### TASK DIRECTIONS
Images are to be dropped, and the rest of the data reproduced exactly.

(DATA BELOW Opens)

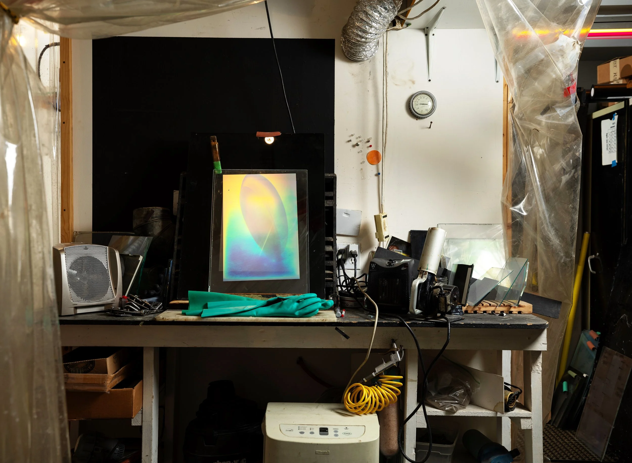 Through the simple forms that shape his work, Muth creates an experiential voyage in color, physical space, and what he terms as material light. Tactile forms of pure color occupy physical space while colors coalesce into one another, creating a field of pure light, color and vibratory energy. These works allow for expanding the visual and physical fields of perception. Muth’s intention is to open doors to a reverence of light while exploring the innate enigma encompassing the realm of the photon.
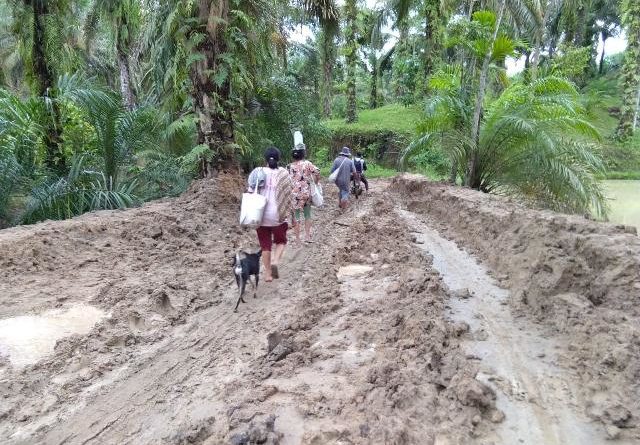 Baru berjalan beberapa saat pemandangan luar biasa pun terlihat didepan mata.Jalan berlubang, sempit, berlumpur,dan berliku-liku.Disamping itu jalannya juga banyak tanjakan curam yang bisa membahayakan pengendara sepeda motor.”Jalan ini hanya bisa dilalui sepeda motor terlebih para pekerja yang memanen hasil petani sawit”ujar Bungaran ditengah perjalanan.
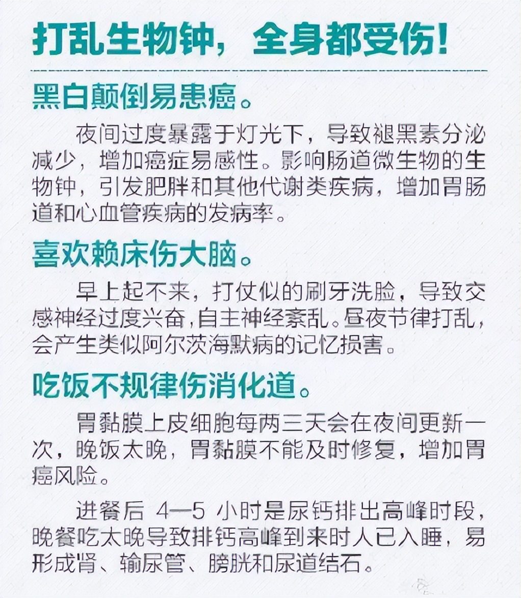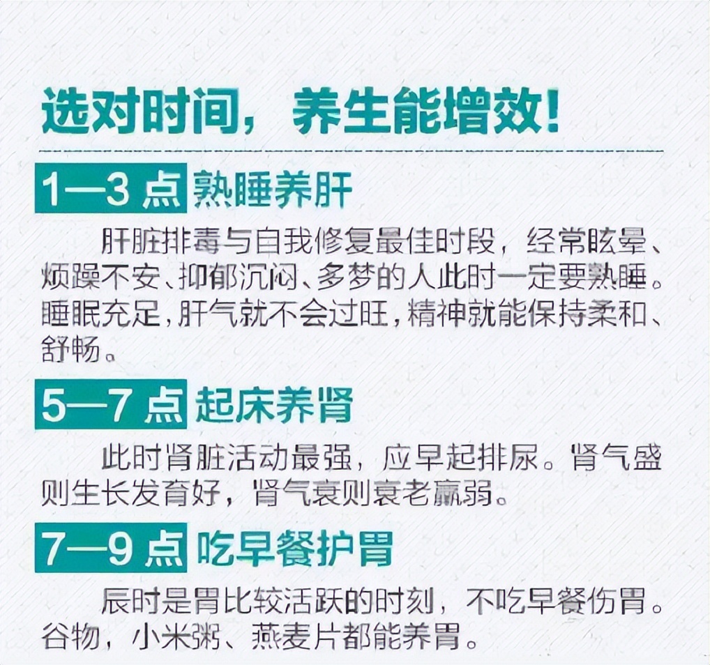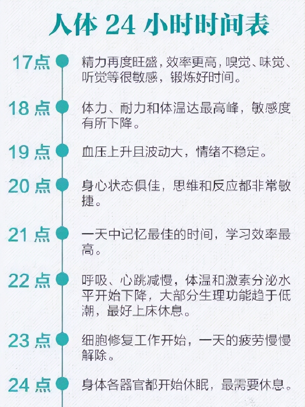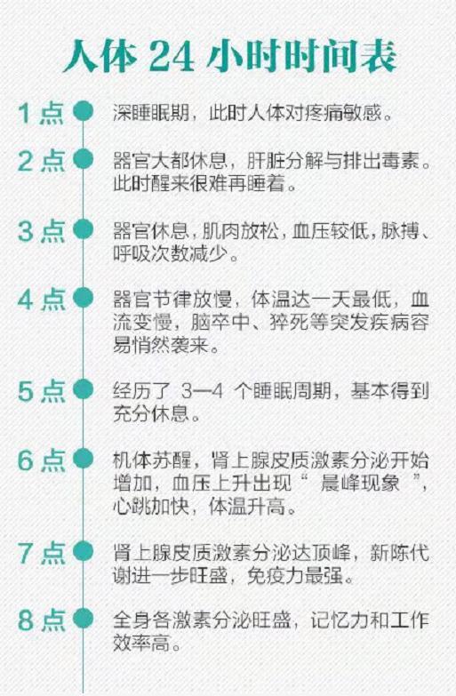 专家建议,美容保养若能与皮肤自然作息时刻相配合,就可发挥它最大的功效,晚上11点至凌晨5点,细胞分裂的速度要比平时快8倍左右,能使皮肤保养和修复达到最佳效果。 早晨6点至7点,肾上腺皮质激素的分泌此时达到高峰期,它抑制蛋白质合成,而且再生作用减慢,细胞的再生活动降到最低点,水分聚集于细胞内,淋巴循环缓慢,一些人会眼皮肿胀。 医生公布人体24小时时间表,你知道每个时间段对身体的重要性吗?

(DATA BELOW Closes)

### RESULT FOR THIS TASK
 Through the simple forms that shape his work, Muth creates an experiential voyage in color, physical space, and what he terms as material light. Tactile forms of pure color occupy physical space while colors coalesce into one another, creating a field of pure light, color and vibratory energy. These works allow for expanding the visual and physical fields of perception. Muth’s intention is to open doors to a reverence of light while exploring the innate enigma encompassing the realm of the photon.
 Baru berjalan beberapa saat pemandangan luar biasa pun terlihat didepan mata.Jalan berlubang, sempit, berlumpur,dan berliku-liku.Disamping itu jalannya juga banyak tanjakan curam yang bisa membahayakan pengendara sepeda motor.”Jalan ini hanya bisa dilalui sepeda motor terlebih para pekerja yang memanen hasil petani sawit”ujar Bungaran ditengah perjalanan.
 专家建议,美容保养若能与皮肤自然作息时刻相配合,就可发挥它最大的功效,晚上11点至凌晨5点,细胞分裂的速度要比平时快8倍左右,能使皮肤保养和修复达到最佳效果。 早晨6点至7点,肾上腺皮质激素的分泌此时达到高峰期,它抑制蛋白质合成,而且再生作用减慢,细胞的再生活动降到最低点,水分聚集于细胞内,淋巴循环缓慢,一些人会眼皮肿胀。 医生公布人体24小时时间表,你知道每个时间段对身体的重要性吗?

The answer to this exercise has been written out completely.